Она посидела немного в таком состоянии, не думая о Мюрье, о наступлении красных, об умирающем лагере и о дороге, которая ей предстояла. Потом встала и пошла к себе в палатку. Кармен сидела на кровати, и по ее лицу катились крупные молчаливые слезы.
– Что же ты не спишь?… – ласково спросила Фани.
Испанка не ответила. Фани медленно разделась, погасила лампу и легла. Морфий незаметно погрузил ее в сон.
Она проснулась поздно, с головной болью, но достаточно бодрой, чтобы тотчас встать с постели. Увидела неизменное синее испанское небо, ослепительное солнце, выжигавшее последнюю растительность на красных глинах и песках пустынной степи. Увидела она и монахов из ордена святого Бруно, которые выносили трупы из палаток и таскали их в овражек, к ямам, вырытым ими за ночь. Они были невообразимо грязные, их почерневшие высохшие тела проглядывали сквозь ветхие и дырявые рясы. Один из них приветствовал ее ужасным «Memento mori».[56]
– Когда будут хоронить дона Сантьяго? – спросила Фани за умываньем, пока Кармен поливала ей на руки воду.
– Монахи его уже похоронили, – ответила девушка. – Больше ждать было нельзя.
– Тем лучше, – сказала Фани. – Мне трудно было бы выдержать эти похороны, дон Сантьяго был мне очень близок.
Кармен кивнула головой, но ничего не сказала.
– А отец Херонимо? – спросила Фани, плеская водой себе в лицо. – Его тоже похоронили?
– Похоронили, – сказала девушка.
– Кто его отпевал?
– Никто.
– Почему?
– Потому что он совершил смертный грех, посягнул на свою жизнь.
– Только поэтому?
– И потому, что он отрекся от бога, – мрачно объяснила испанка.
– Кто тебе это сказал?
– Отец Эредиа.
– Свари кофе, – сказала Фани, вытеревшись и бросая полотенце на руки девушке. – И не уходи далеко от палатки. Мы можем поехать в любую минуту… Поняла?
Она выпила кофе перед палаткой и, глядя на монахов, которые все носили и носили трупы в овражек, опять стала думать об Эредиа.

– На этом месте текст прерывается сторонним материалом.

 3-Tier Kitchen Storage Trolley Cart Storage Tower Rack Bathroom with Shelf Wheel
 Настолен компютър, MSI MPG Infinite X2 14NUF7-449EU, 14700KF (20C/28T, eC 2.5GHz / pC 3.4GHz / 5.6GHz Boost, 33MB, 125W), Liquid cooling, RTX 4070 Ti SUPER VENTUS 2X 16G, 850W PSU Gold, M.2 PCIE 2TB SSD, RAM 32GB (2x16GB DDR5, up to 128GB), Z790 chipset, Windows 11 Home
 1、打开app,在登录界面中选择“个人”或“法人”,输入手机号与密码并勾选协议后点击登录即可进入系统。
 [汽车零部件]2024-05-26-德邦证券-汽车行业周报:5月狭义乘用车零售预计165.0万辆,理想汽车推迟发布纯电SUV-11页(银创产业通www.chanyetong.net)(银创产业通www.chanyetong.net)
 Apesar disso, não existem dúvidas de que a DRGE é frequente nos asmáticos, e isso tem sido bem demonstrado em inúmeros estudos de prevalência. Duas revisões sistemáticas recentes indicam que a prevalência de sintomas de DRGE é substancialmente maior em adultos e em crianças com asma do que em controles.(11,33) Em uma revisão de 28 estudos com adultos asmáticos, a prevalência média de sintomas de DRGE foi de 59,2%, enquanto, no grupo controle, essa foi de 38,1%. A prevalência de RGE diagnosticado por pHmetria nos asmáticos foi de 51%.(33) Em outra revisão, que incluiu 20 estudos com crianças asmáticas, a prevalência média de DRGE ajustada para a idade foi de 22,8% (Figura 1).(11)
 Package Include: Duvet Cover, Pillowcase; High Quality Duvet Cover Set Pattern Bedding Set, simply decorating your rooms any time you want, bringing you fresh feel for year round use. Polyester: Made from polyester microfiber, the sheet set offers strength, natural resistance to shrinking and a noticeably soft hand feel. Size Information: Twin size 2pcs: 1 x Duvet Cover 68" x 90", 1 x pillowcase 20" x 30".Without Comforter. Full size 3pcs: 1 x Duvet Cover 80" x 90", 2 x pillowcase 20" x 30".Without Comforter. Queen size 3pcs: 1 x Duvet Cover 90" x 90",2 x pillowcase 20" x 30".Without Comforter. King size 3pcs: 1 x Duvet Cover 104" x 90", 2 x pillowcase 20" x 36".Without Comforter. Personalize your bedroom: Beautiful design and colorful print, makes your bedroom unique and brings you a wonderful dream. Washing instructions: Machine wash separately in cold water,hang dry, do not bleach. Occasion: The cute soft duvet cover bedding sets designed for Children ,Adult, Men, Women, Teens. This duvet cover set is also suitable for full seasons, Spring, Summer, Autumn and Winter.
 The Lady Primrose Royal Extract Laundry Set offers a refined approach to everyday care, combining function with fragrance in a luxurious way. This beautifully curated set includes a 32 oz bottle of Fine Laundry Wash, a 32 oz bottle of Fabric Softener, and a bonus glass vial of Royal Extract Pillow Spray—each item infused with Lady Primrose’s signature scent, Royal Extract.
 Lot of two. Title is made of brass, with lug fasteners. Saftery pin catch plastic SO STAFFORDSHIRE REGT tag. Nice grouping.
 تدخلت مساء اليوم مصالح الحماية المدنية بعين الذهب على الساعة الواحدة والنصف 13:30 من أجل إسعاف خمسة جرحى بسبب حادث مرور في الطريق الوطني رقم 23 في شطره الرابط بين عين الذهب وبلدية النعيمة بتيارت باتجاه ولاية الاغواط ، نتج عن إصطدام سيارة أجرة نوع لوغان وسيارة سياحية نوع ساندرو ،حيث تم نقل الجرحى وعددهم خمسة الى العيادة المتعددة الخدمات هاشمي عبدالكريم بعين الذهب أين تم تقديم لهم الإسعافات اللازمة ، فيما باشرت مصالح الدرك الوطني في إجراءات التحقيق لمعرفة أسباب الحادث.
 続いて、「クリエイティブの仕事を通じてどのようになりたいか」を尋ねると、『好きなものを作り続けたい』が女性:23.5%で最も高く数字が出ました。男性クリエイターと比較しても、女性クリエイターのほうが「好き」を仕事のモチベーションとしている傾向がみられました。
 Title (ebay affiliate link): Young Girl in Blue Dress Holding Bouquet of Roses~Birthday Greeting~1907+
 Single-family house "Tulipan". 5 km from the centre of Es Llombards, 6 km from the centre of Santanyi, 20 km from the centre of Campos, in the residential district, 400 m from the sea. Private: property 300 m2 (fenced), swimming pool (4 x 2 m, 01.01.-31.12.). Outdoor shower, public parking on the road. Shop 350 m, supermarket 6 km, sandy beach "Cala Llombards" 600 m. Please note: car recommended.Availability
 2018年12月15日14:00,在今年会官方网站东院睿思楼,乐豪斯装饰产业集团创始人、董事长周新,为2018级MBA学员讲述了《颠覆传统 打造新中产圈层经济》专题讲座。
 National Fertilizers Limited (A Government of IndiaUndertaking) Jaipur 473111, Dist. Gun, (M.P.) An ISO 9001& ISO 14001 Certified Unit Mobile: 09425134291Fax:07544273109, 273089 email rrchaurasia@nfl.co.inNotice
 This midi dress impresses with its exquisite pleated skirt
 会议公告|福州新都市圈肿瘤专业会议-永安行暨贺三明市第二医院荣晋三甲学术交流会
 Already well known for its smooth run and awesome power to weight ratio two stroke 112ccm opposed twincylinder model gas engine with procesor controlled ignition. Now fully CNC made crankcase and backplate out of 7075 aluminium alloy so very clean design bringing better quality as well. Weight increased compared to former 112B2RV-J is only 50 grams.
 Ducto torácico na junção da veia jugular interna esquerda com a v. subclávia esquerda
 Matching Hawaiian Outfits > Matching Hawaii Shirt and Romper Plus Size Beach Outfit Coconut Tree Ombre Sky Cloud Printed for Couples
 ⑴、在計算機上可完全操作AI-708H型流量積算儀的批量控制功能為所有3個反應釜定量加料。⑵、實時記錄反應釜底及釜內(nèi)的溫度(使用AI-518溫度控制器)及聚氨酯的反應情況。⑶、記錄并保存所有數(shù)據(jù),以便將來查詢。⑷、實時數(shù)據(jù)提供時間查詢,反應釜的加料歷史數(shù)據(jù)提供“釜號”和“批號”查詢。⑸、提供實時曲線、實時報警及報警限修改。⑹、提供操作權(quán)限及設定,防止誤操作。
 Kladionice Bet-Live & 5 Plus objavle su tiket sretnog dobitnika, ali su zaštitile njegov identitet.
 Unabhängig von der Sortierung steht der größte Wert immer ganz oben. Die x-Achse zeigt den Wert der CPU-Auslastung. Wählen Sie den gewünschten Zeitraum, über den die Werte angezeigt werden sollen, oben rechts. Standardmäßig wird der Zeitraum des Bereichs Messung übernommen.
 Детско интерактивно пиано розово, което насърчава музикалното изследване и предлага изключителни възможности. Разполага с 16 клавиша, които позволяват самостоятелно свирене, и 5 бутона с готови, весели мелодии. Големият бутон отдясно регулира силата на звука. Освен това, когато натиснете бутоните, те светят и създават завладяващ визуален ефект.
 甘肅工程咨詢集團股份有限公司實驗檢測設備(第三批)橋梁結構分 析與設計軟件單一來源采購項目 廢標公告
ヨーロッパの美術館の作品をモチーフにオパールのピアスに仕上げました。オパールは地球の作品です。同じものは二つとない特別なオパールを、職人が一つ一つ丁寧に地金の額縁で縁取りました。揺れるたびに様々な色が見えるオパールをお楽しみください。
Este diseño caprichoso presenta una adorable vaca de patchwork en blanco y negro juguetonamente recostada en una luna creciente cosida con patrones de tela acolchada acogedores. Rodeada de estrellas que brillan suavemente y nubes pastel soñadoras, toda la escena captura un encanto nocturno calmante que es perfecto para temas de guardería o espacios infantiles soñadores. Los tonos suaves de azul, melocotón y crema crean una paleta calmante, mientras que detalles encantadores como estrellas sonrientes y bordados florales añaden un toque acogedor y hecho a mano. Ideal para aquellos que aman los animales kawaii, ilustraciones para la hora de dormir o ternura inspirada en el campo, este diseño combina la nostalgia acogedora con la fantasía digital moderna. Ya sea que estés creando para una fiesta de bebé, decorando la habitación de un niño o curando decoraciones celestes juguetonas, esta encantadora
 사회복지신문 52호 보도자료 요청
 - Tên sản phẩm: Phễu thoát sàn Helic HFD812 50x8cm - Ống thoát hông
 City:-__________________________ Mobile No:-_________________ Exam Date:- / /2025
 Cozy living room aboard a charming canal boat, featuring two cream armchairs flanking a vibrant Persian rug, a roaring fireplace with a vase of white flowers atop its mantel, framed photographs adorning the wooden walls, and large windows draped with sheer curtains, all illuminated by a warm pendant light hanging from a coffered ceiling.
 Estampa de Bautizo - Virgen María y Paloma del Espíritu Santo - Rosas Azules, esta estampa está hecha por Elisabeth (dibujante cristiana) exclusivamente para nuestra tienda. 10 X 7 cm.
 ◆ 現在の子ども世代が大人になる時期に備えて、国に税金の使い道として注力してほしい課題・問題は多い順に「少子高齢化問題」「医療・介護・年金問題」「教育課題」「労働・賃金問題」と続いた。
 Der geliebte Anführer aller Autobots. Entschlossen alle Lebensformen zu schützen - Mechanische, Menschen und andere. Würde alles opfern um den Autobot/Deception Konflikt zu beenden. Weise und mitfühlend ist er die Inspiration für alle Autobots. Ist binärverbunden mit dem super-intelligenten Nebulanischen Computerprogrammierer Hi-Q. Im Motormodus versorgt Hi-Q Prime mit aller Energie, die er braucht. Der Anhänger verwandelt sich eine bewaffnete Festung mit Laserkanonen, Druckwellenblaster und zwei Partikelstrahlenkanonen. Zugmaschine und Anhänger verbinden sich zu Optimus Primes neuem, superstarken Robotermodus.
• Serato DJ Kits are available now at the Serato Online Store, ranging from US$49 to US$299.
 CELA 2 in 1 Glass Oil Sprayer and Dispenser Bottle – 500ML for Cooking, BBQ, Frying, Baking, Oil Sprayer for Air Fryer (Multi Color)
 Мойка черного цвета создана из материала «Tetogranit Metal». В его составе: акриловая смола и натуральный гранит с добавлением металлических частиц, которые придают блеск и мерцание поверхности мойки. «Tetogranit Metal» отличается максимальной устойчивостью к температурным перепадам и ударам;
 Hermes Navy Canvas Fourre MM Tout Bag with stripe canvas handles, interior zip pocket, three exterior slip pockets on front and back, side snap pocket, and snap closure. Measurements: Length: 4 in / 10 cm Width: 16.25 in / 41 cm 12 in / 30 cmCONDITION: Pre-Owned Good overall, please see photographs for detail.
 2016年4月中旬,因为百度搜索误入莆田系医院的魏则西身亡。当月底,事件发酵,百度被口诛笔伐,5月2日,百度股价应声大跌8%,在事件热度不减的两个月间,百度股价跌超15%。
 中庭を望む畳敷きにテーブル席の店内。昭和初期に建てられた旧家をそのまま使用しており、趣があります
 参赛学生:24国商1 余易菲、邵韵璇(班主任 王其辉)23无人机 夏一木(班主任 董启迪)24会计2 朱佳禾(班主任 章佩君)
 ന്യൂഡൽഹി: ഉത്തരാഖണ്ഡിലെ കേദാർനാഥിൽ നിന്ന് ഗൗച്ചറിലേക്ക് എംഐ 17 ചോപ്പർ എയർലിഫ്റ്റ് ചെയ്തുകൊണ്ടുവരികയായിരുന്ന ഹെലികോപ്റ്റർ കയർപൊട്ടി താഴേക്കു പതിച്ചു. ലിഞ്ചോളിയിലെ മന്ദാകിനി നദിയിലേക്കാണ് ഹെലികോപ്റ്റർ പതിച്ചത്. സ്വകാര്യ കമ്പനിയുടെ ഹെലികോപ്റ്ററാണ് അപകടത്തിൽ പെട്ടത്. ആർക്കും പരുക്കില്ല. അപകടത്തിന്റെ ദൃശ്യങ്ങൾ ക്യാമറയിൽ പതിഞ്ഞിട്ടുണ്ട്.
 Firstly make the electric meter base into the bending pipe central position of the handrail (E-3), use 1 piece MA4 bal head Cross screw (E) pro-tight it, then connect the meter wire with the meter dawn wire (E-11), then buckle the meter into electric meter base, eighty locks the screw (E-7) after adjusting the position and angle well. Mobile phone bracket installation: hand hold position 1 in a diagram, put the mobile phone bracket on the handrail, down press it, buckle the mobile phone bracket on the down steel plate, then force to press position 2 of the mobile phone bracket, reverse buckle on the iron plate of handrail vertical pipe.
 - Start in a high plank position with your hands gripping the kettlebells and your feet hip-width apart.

Наконец она видела его таким, какой он есть в действительности. Это безумец, бесплодный человеческий дух, отрицание жизни, всякой радости и счастья… Теперь она видела, что это бесчувственный и злой жрец мрака, небытия и смерти, за которой стоит жестокое, холодное и безнадежное ничто. Вся метафизика, вся мораль, все безумное самоотрицание Эредиа построены на бессмертии души, которого никто не видел и не доказал, которое противоречит разуму и, следовательно, само есть ничто. Оливарес покончил самоубийством от ужаса перед этим ничто. Доминго бежал, чтобы бороться против этого ничто. Вся республиканская Испания поднимается, чтобы защитить себя от бессмыслицы и жестокости этого ничто.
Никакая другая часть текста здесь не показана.